● What is required
Please, without any pictures, set down exactly the part of the listing below that opens with the line containing "大葉やにんじんと和え、豚しゃぶと一緒にもりもりいただきます。" and closes with the line containing "В опаковката ще".

● Extracted information
————————
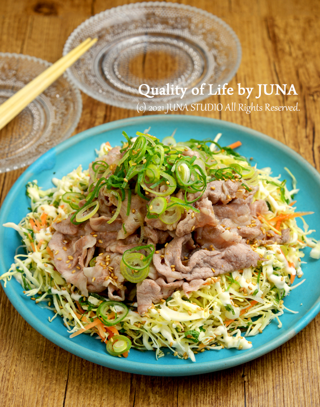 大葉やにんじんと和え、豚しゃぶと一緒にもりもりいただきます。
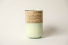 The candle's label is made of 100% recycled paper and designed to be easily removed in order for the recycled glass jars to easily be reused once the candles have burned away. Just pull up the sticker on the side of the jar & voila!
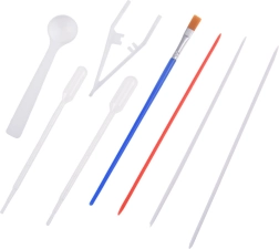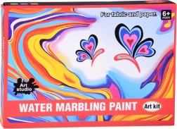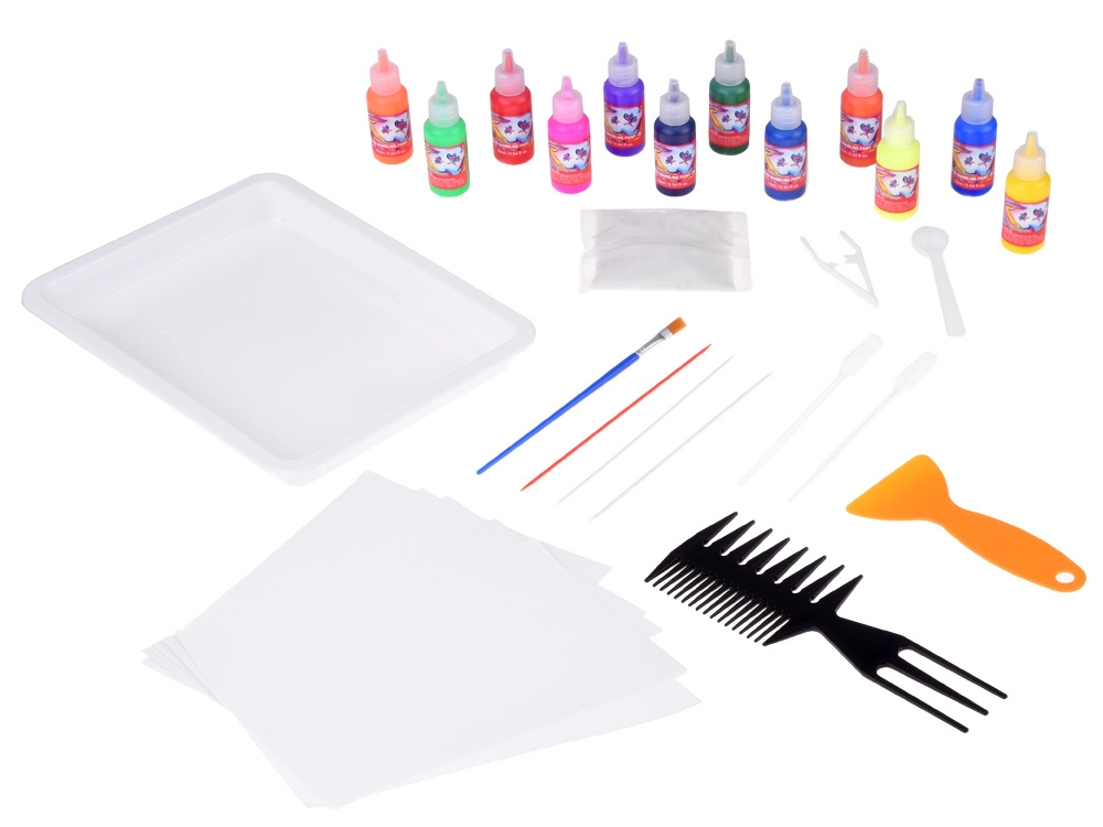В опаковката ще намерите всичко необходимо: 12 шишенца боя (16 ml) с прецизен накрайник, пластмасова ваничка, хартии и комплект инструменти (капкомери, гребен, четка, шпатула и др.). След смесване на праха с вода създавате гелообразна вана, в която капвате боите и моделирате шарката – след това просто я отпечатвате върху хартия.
————————
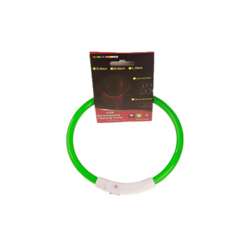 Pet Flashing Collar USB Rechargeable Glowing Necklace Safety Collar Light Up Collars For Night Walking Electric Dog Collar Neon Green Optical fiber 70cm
————————
● Answer for this exercise
 大葉やにんじんと和え、豚しゃぶと一緒にもりもりいただきます。
 The candle's label is made of 100% recycled paper and designed to be easily removed in order for the recycled glass jars to easily be reused once the candles have burned away. Just pull up the sticker on the side of the jar & voila!
В опаковката ще намерите всичко необходимо: 12 шишенца боя (16 ml) с прецизен накрайник, пластмасова ваничка, хартии и комплект инструменти (капкомери, гребен, четка, шпатула и др.). След смесване на праха с вода създавате гелообразна вана, в която капвате боите и моделирате шарката – след това просто я отпечатвате върху хартия.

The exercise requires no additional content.